16.5.1 Estimation using Big BAF

As described above, the Big BAF estimator comprises two components: (1) the mean basal area per unit area ($\overline{\text{BA}}$), based on point-level estimates using a standard-size BAF, and (2) the mean volume-to-basal-area ratio ($\overline{\text{VBAR}}$), based on tree-level measurements using a big BAF. Throughout, we’ll use superscripts $s$ and $b$ to distinguish quantities associated with the small (standard-size) and big BAFs, respectively.

Following the methods in Section 12.4, the mean basal area per unit area is estimated using \[\begin{equation} \overline{\text{BA}} = \frac{1}{n} \sum_{i=1}^{n} \text{BA}_i, \tag{16.35} \end{equation}\] where $n$ is the number of sampling locations and $\text{BA}_i = m^s_i \cdot \text{BAF}^s$ is the observed basal area per unit area at the $i$-th location, with $m^s_i$ being the number of count trees selected using the small BAF (BAF$^s$).

We define VBAR for the $j$-th measurement tree at the $i$-th sampling location as
\[\begin{equation} \text{VBAR}_{ij} = \frac{v_{ij}}{BA_{ij}} \end{equation}\]
and compute the mean across all measurement trees as
\[\begin{equation} \overline{\text{VBAR}} = \frac{1}{m^b} \sum_{i=1}^n \sum_{j=1}^{m^b_i} \text{VBAR}_{ij}, \tag{16.36} \end{equation}\]
where $m^b_i$ is the number of measurement trees selected using the big BAF (BAF$^b$) at the $i$-th sampling location, $n$ is the number of sampling locations, and $m^b = \sum_{i=1}^n m^b_i$ is the total number of measurement trees across all locations. Note that, unlike the point-level summary of $\text{BA}$, which includes locations with zero count trees, the mean $\overline{\text{VBAR}}$ is defined only over measurement trees, so only locations with at least one measurement tree contribute to the sum (i.e., the $i$-th sampling location could have $m^b_i = 0$ and hence doesn’t contribute to the sum).

The Big BAF estimator for volume per unit area is then given by \[\begin{equation} \hat{v} = \overline{\text{BA}} \cdot \overline{\text{VBAR}}. \tag{16.37} \end{equation}\]

It’s useful to verify how the units work out when applying (16.37).
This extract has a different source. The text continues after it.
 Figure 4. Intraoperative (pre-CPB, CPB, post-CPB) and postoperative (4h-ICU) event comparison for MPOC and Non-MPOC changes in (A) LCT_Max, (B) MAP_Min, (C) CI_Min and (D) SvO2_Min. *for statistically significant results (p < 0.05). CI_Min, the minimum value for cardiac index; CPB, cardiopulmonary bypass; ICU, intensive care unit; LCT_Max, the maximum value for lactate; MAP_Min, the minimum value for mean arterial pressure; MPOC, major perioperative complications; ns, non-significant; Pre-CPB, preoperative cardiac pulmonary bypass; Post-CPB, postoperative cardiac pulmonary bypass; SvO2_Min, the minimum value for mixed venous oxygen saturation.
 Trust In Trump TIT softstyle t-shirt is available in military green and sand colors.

For example, suppose volume is measured in cubic meters and basal area is reported in square meters per hectare. Then (16.37) with units becomes \[\begin{align} \hat{v}\left(\frac{\text{m}^3}{\text{ha}}\right) &= \overline{\text{BA}}\left(\frac{\text{m}^2}{\text{ha}}\right) \cdot \overline{\text{VBAR}} \left(\frac{\text{m}^3}{\text{m}^2}\right) \nonumber\\ &= \overline{\text{BA}}\left(\frac{\cancel{\text{m}^2}}{\text{ha}}\right) \cdot \overline{\text{VBAR}} \left(\frac{\text{m}^3}{\cancel{\text{m}^2}}\right). \end{align}\] The $\text{m}^2$ units cancel, yielding the desired volume per unit area.
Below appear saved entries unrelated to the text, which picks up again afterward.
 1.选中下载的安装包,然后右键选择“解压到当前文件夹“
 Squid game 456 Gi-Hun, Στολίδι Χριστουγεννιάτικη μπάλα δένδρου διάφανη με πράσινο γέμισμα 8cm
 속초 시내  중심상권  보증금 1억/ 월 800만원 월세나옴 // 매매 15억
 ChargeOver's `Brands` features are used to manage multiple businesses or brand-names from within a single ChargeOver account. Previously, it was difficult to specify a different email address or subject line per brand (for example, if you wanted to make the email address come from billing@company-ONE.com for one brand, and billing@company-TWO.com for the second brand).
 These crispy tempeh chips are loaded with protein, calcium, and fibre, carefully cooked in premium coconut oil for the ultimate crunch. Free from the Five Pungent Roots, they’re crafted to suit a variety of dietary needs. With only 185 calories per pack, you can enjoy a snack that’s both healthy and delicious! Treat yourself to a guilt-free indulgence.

Because $\hat{v}$ is the product of two sample means—each estimated from a different sample—its standard error must account for the variability in both components. A common and practical approach is to use Bruce’s formula, which assumes that $\overline{\text{BA}}$ and $\overline{\text{VBAR}}$ are uncorrelated and combines their uncertainty in quadrature \[\begin{equation} s_{\hat{v}} \approx \sqrt{ s_{\overline{\text{BA}}}^2 + s_{\overline{\text{VBAR}}}^2 }. \tag{16.38} \end{equation}\] This approach is well established in forestry sampling (Bell and Alexander 1957; Donald Bruce 1961) and is explained in the context of Big BAF estimation by Gove et al. (2020).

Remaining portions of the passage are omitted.